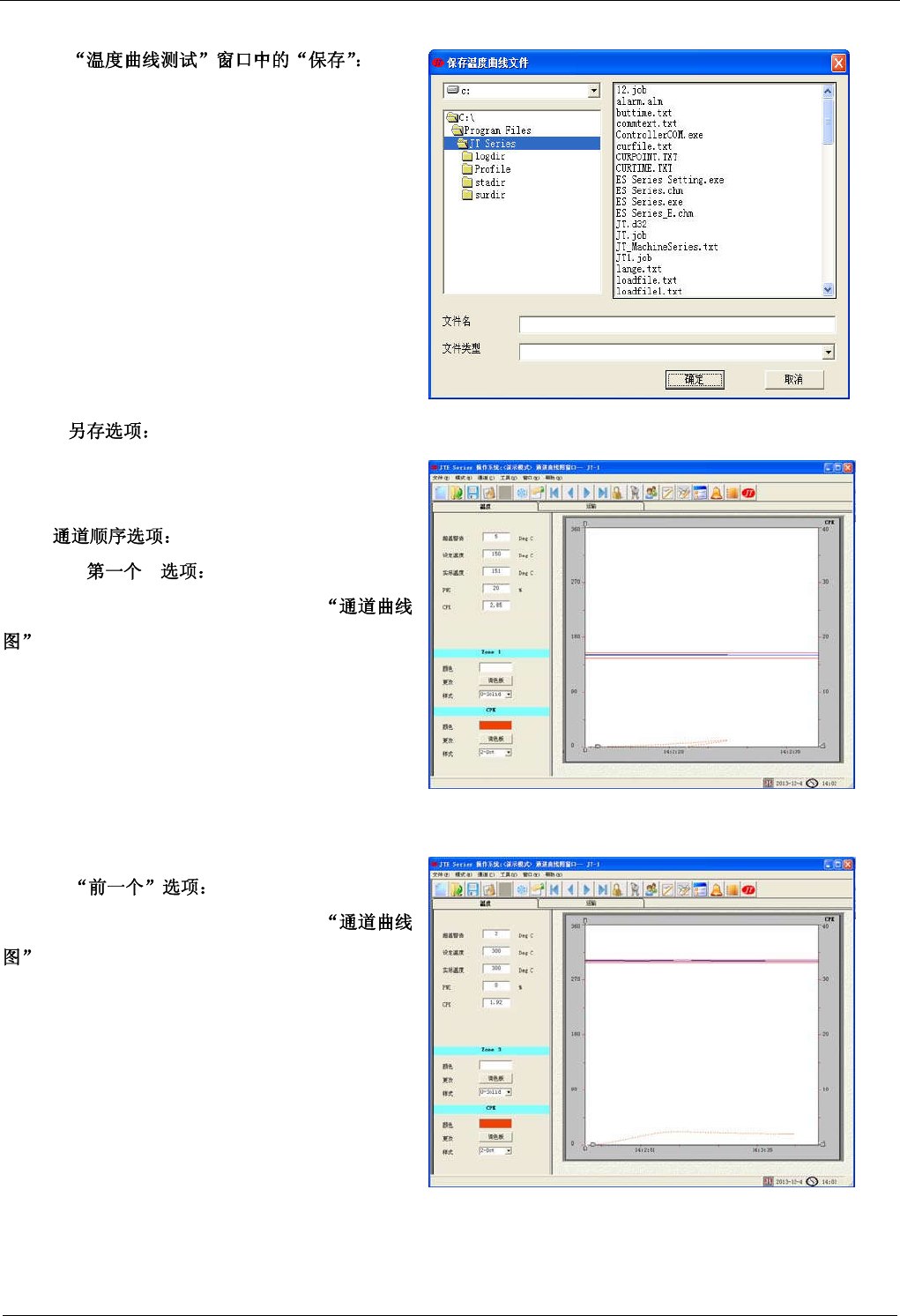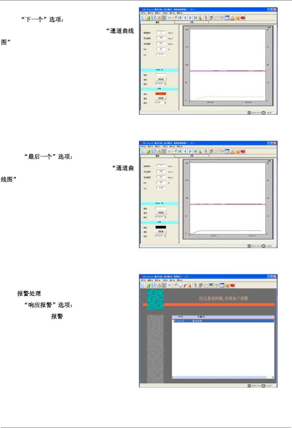 软件操作 JTE 系列无铅回流焊机用户手册 99 - 34 - 4.3.6.2 保存用户测试的温度曲线图及其分析资料。 4.3.6.3 对 打 开 的 文 件 另 名 保 存 。 具 体 操 作 请 参 照 4.3.6.2 小节 4.3.7 4.3.7.1 “ ” 从当前通道跳回第一个通道。 如在 窗口单击此选项,将显示如右图。 4.3.7.2 从当前通道跳到前一个通道。 如在 窗口, 当前通 道是 第四个 通道, 单击此 选项, 将会…
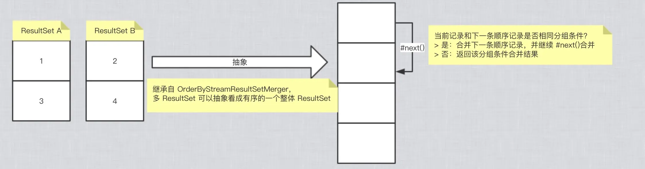 - Stream 流式:将数据游标与结果集的游标保持一致,顺序的从结果集中一条条的获取正确的数据。看完下文第三节 OrderByStreamResultSetMerger 可以形象的理解。
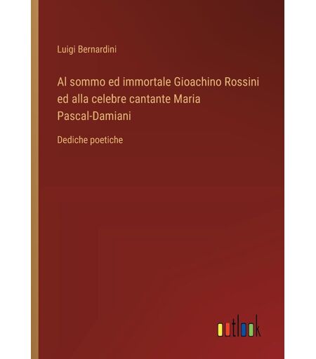 Brand : Outlook Verlag, Binding : paperback, Label : Al sommo ed immortale Gioachino Rossini ed alla celebre cantante Maria Pascal-Damiani : Dediche poetiche, medium : paperback, numberOfPages : 20, publicationDate : 2024-09-03, languages : italian, ISBN : 3385083745 ...
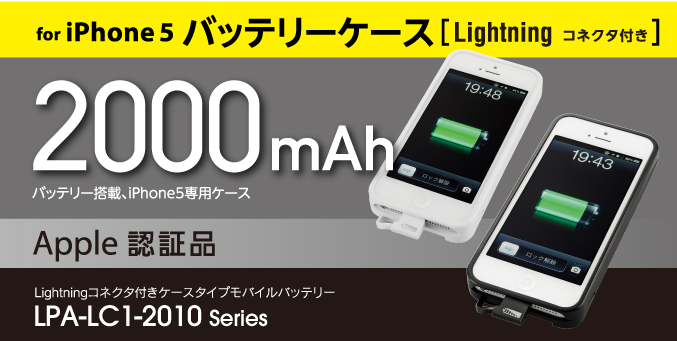 | LPA-LC1-2010BK | Lightningコネクタ付きケースタイプ モバイルバッテリー |
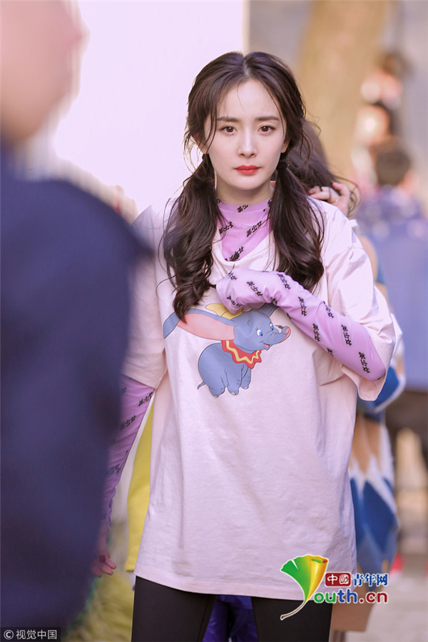 2019年3月12日,湖南長(zhǎng)沙,楊冪錄制某綜藝節(jié)目路透曝光。她扎著雙馬尾甜美可愛(ài)似少女,穿oversized的牛仔外套和寬大T恤,戴著防曬的護(hù)袖,身材十分纖細(xì)苗條。錄制期間,楊冪氣質(zhì)明艷靈動(dòng)活潑,元?dú)鉂M滿青春感爆棚。
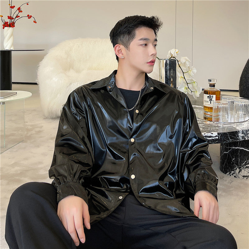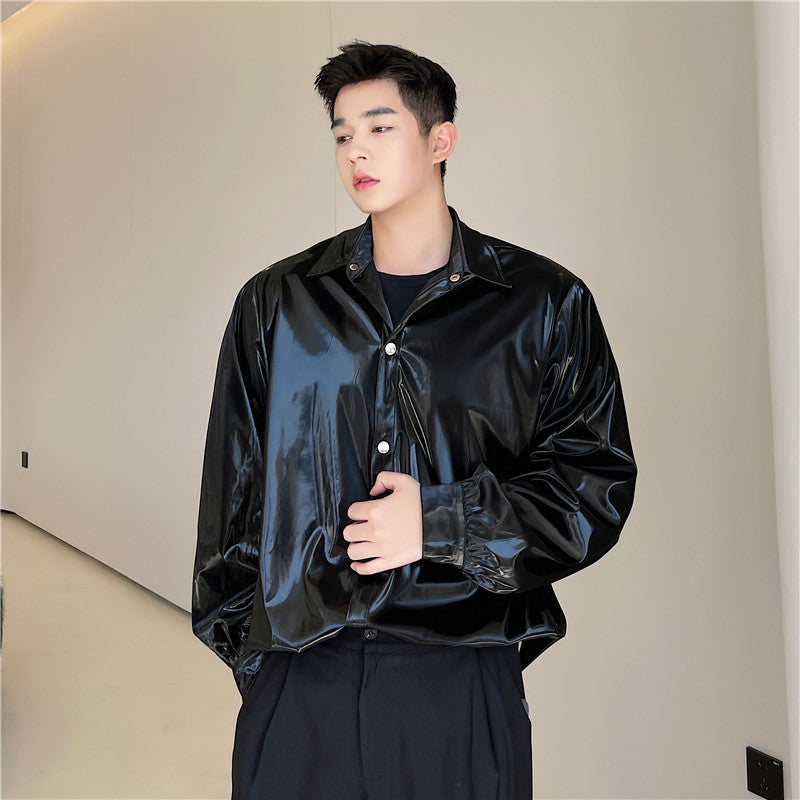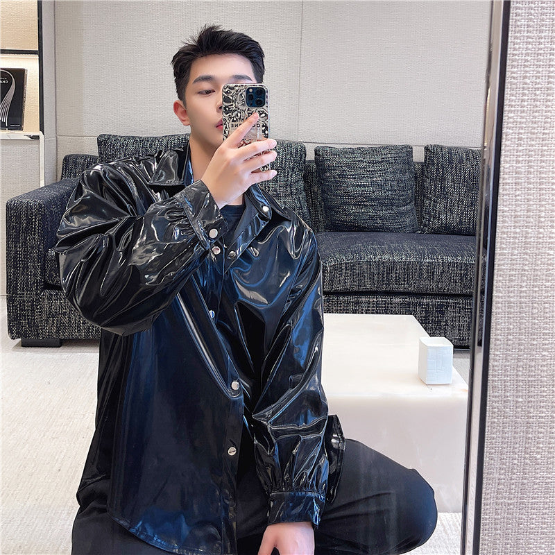 Bright Face Black Loose Fashion Coat
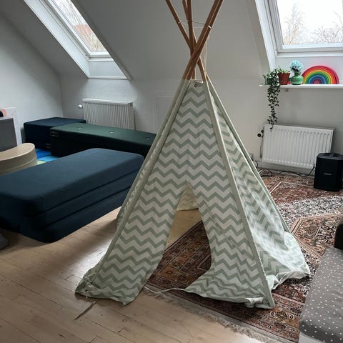 Alice & Fox Tipi telt til børn fremstillet i hvidt stof. Designet til indendørs brug som en børnelegetelt eller hyggeligt opholdssted. Teltet har en trekantet form med åbning foran og er egnet til leg og afslapning.
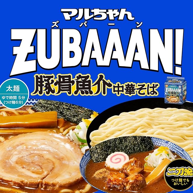 【中華そばとつけ麺の二刀流】マルちゃんZUBAAAN!シリーズ第5弾。二刀流が新登場。中華そばでもつけ麺でも食べられる袋麺。熟成麺のような弾力や粘りのある太麺に、煮干や雑節を合わせた濃厚な豚骨魚介中華そばです。つけ麺でもおいしく召し上がれます。

::::::::::

Keep every word of the data as it is when you write it out, but drop the pictures.

 软件操作 JTE 系列无铅回流焊机用户手册 99 - 34 - 4.3.6.2 保存用户测试的温度曲线图及其分析资料。 4.3.6.3 对 打 开 的 文 件 另 名 保 存 。 具 体 操 作 请 参 照 4.3.6.2 小节 4.3.7 4.3.7.1 “ ” 从当前通道跳回第一个通道。 如在 窗口单击此选项,将显示如右图。 4.3.7.2 从当前通道跳到前一个通道。 如在 窗口, 当前通 道是 第四个 通道, 单击此 选项, 将会…
 - Stream 流式:将数据游标与结果集的游标保持一致,顺序的从结果集中一条条的获取正确的数据。看完下文第三节 OrderByStreamResultSetMerger 可以形象的理解。
 Brand : Outlook Verlag, Binding : paperback, Label : Al sommo ed immortale Gioachino Rossini ed alla celebre cantante Maria Pascal-Damiani : Dediche poetiche, medium : paperback, numberOfPages : 20, publicationDate : 2024-09-03, languages : italian, ISBN : 3385083745 ...
 | LPA-LC1-2010BK | Lightningコネクタ付きケースタイプ モバイルバッテリー |
 2019年3月12日,湖南長(zhǎng)沙,楊冪錄制某綜藝節(jié)目路透曝光。她扎著雙馬尾甜美可愛(ài)似少女,穿oversized的牛仔外套和寬大T恤,戴著防曬的護(hù)袖,身材十分纖細(xì)苗條。錄制期間,楊冪氣質(zhì)明艷靈動(dòng)活潑,元?dú)鉂M滿青春感爆棚。
 Bright Face Black Loose Fashion Coat
 Alice & Fox Tipi telt til børn fremstillet i hvidt stof. Designet til indendørs brug som en børnelegetelt eller hyggeligt opholdssted. Teltet har en trekantet form med åbning foran og er egnet til leg og afslapning.
 【中華そばとつけ麺の二刀流】マルちゃんZUBAAAN!シリーズ第5弾。二刀流が新登場。中華そばでもつけ麺でも食べられる袋麺。熟成麺のような弾力や粘りのある太麺に、煮干や雑節を合わせた濃厚な豚骨魚介中華そばです。つけ麺でもおいしく召し上がれます。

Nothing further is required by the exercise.